## Assignment
Go through the records and restate them word for word, omitting images.

## Data records
------------------------------------

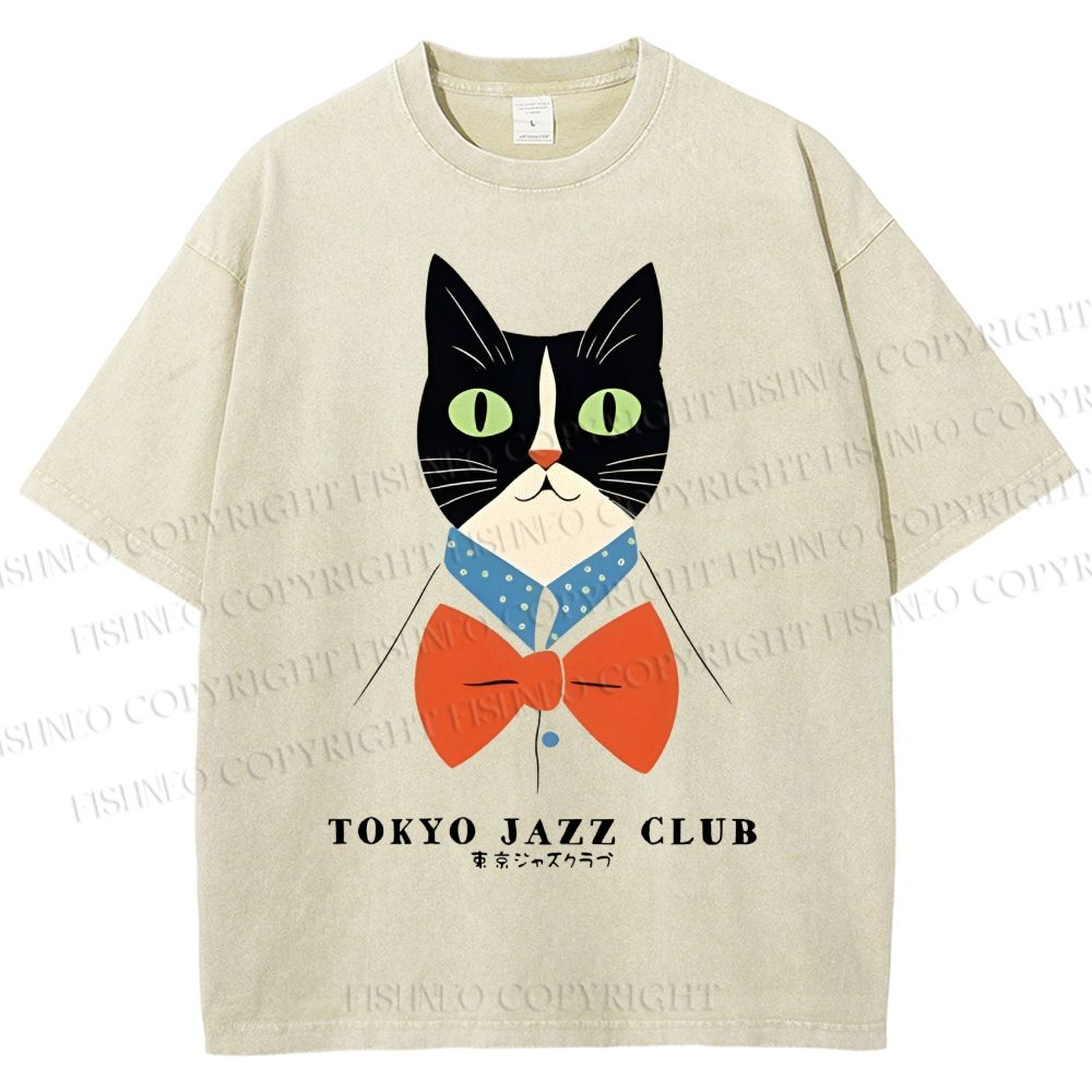 Unisex Tokyo Jazz Club Cats Printed Washed Tee
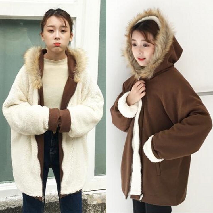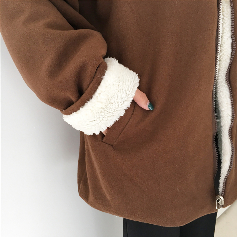 冬款韓國兩面穿chic連帽毛毛領呢子羊羔毛保暖棉衣外套棉服女
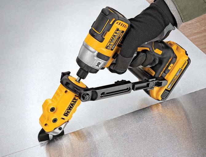 Der Blechscherenaufsatz DT70620 schneidet mühelos Blech bis zu einer Stärke von 1,3 mm sowie andere Metalle und ist mit Schlagschraubern aller Fabrikate kompatibel.
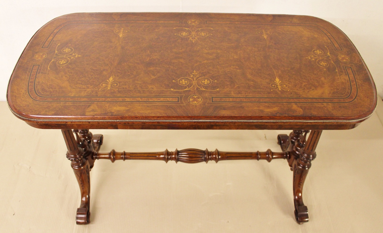 Victorian Inlaid Burr Walnut Stretcher Table (1 of 1)
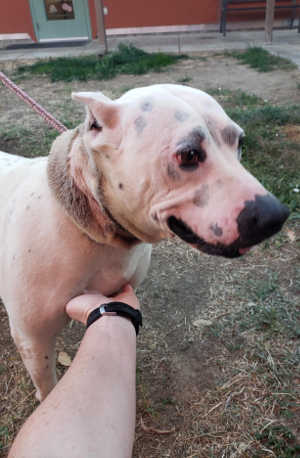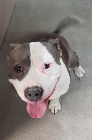 “Tatum” is a male pit bull terrier has a shot gray and white coat.
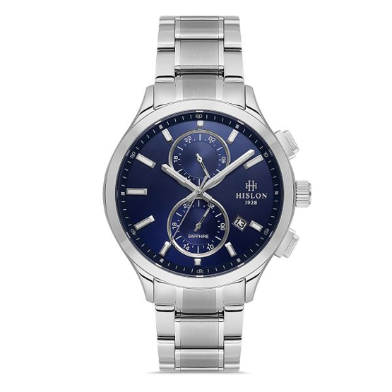 Hislon DT158S-11SS Safir Camlı Çelik Kordon Çelik Kasa 10 ATM Suya Dayanıklı Metalik Renk Erkek Kol Saati
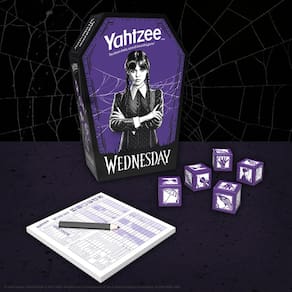 Yahtzee: Jogo de dados de quarta-feira, copo de dados de caixão interior flocado colecionável, jogo clássico baseado no personagem da família Addams Wednesday Addams, jogo e mercadoria oficialmente - Role com Wednesday Addams – Aproveite o charme sombrio de Yahtzee com dados personalizados com símbolos da série Wednesday Netflix. - Copo de caixão edição de colecionador: role seus dados personalizados de quarta-feira em um copo de dados exclusivo em forma de caixão - Embalagem flocada: este conjunto vem em um pacote especialmente projetado com um interior flocado, melhorando a estética gótica. - Inclui 5 dados personalizados de quarta-feira, bloco de pontuação, lápis e regras - Jogo Yahtzee de viagem que você pode levar para qualquer lugar e desfrutar a qualquer momento – 1+ jogadores, a partir de 8 anos, 30 minutos de tempo de jogo

------------------------------------

## Written response
 Unisex Tokyo Jazz Club Cats Printed Washed Tee
 冬款韓國兩面穿chic連帽毛毛領呢子羊羔毛保暖棉衣外套棉服女
 Der Blechscherenaufsatz DT70620 schneidet mühelos Blech bis zu einer Stärke von 1,3 mm sowie andere Metalle und ist mit Schlagschraubern aller Fabrikate kompatibel.
 Victorian Inlaid Burr Walnut Stretcher Table (1 of 1)
 “Tatum” is a male pit bull terrier has a shot gray and white coat.
 Hislon DT158S-11SS Safir Camlı Çelik Kordon Çelik Kasa 10 ATM Suya Dayanıklı Metalik Renk Erkek Kol Saati
 Yahtzee: Jogo de dados de quarta-feira, copo de dados de caixão interior flocado colecionável, jogo clássico baseado no personagem da família Addams Wednesday Addams, jogo e mercadoria oficialmente - Role com Wednesday Addams – Aproveite o charme sombrio de Yahtzee com dados personalizados com símbolos da série Wednesday Netflix. - Copo de caixão edição de colecionador: role seus dados personalizados de quarta-feira em um copo de dados exclusivo em forma de caixão - Embalagem flocada: este conjunto vem em um pacote especialmente projetado com um interior flocado, melhorando a estética gótica. - Inclui 5 dados personalizados de quarta-feira, bloco de pontuação, lápis e regras - Jogo Yahtzee de viagem que você pode levar para qualquer lugar e desfrutar a qualquer momento – 1+ jogadores, a partir de 8 anos, 30 minutos de tempo de jogo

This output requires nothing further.